(Dataset items)
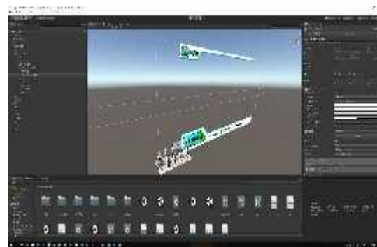
Gambar 7. Proses pembuatan tampilan halaman mulai

marker. Penempatan objek 3D harus didalam objek marker sehingga ketika kamera diarahkan pada marker maka objek 3D akan muncul. Selanjutnya membuat canvas untuk menempatkan button home dan menyesuaikan letak buttonnya.
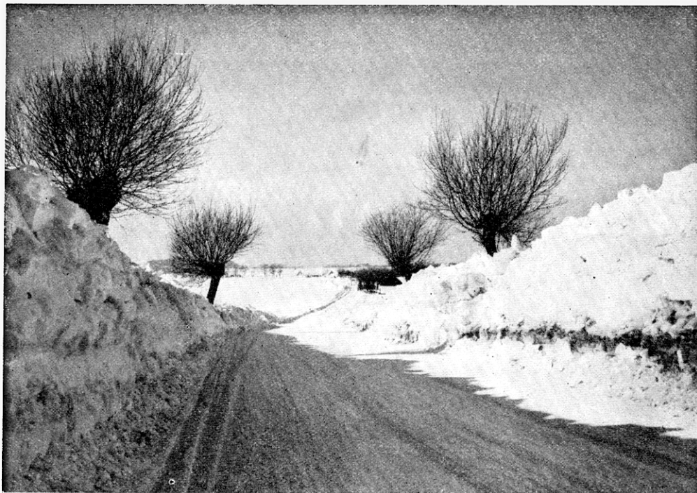
Vinterväg i Skåne, markerad av pilträde.

av dessa genom oupphörlig topphuggning så karakteristiska träd. De skånska pilträden, besjungna i en mängd dikter och återgivna i ett otal konstverk, ha ju rent av blivit något signifikativt för landskapet. Men pilträden hava också — något som kanske ej alla veta — en rent praktisk användning, i det att vidjorna användas såsom binde-medel åt lantbefolkningens halmtak. Förglömmas må ej heller den stora betydelse dessa träd hava under snöiga vintrar, då de på ett utmärkt sätt markera de i plan med den omgivande terrängen liggande skånska vägarna.
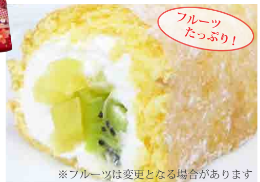
庄原産フルーツロール (10cm) 高野りんごのコンポートを使用したフルーツロール。 300円
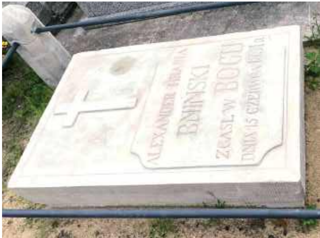
Zabytkowy nagrobek Hrabiego Bnińskiego

Na cmentarzu w Miastkowie Kościelnym zakończono prace przy renowacji zabytkowych nagrobków rodziny Gąssowskich oraz Hrabiego Bnińskiego.
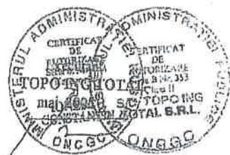
Sistem de Protectie Stereo Bucuresti
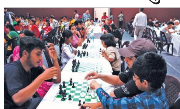
प्रतियोगिता में प्रतिभाग करते खिलाड़ी।
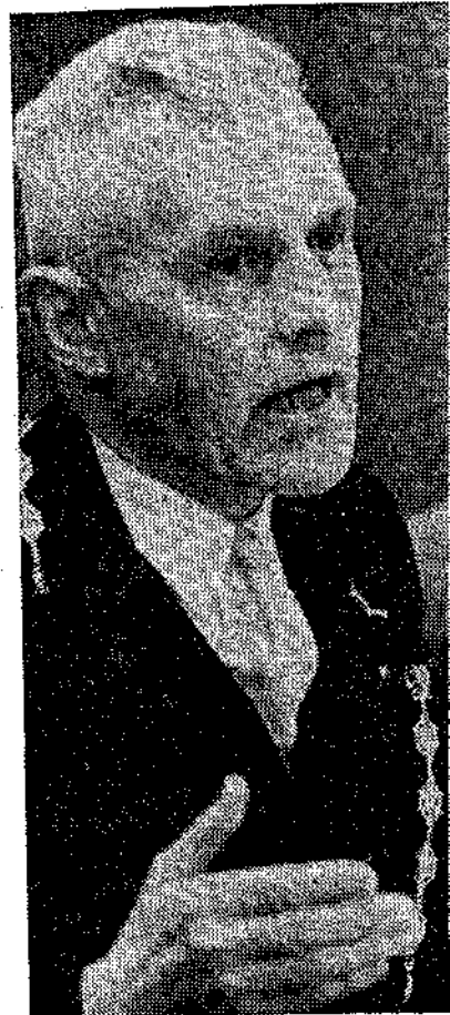
„We hebben een ongelukkig verkiezingsstelsel ...
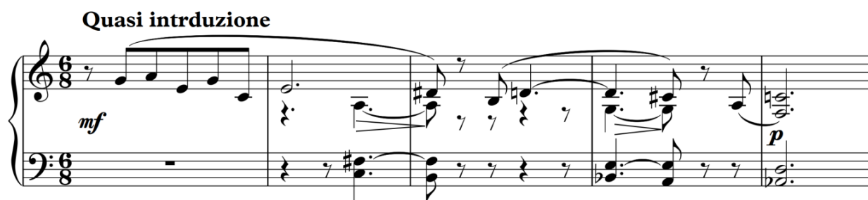
Рисунок 8. С. Борткевич «Esquisses de Crimée», «Caprices de la mer», вступ

Образна трансформація першої теми відбувається у першому розділі Allegro assai (15-31 т.). Тема повністю дублює звучання у вступі, але звучить більш схвильовано, емоційно, відбувається її активний розвиток. Цьому сприяє додавання композитором віртуозних хвилеподібних пасажів на тлі мелодії, з використанням незвичної поліритмії. Якщо у вступі мелодія закінчувалася зупинкою на акордах, то в першому розділі колористичні пасажі створюють відчуття безперервного руху.
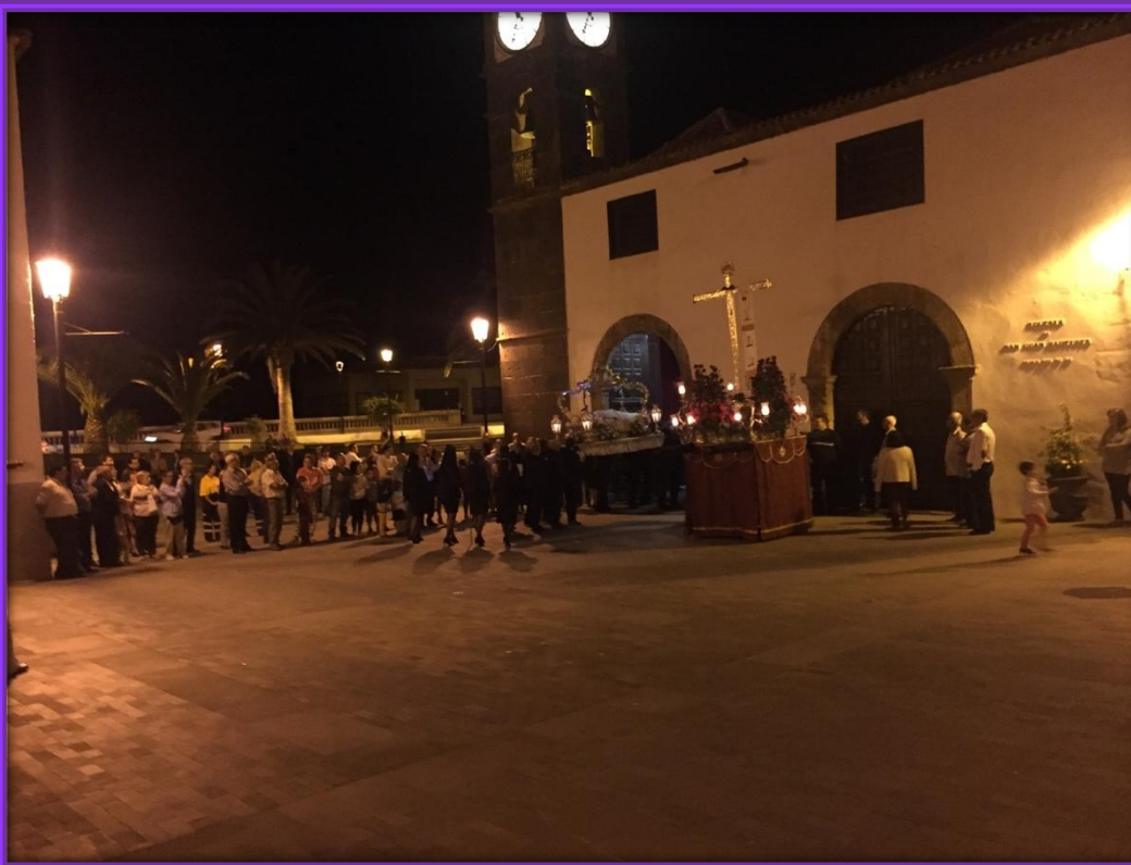
Entrada en el templo del Señor en la Urna o el Santo Entierro

**Assigned task:** Each line of the data that holds "Bnińskiego" should be copied.

**Completed task:**
Zabytkowy nagrobek Hrabiego Bnińskiego
Na cmentarzu w Miastkowie Kościelnym zakończono prace przy renowacji zabytkowych nagrobków rodziny Gąssowskich oraz Hrabiego Bnińskiego.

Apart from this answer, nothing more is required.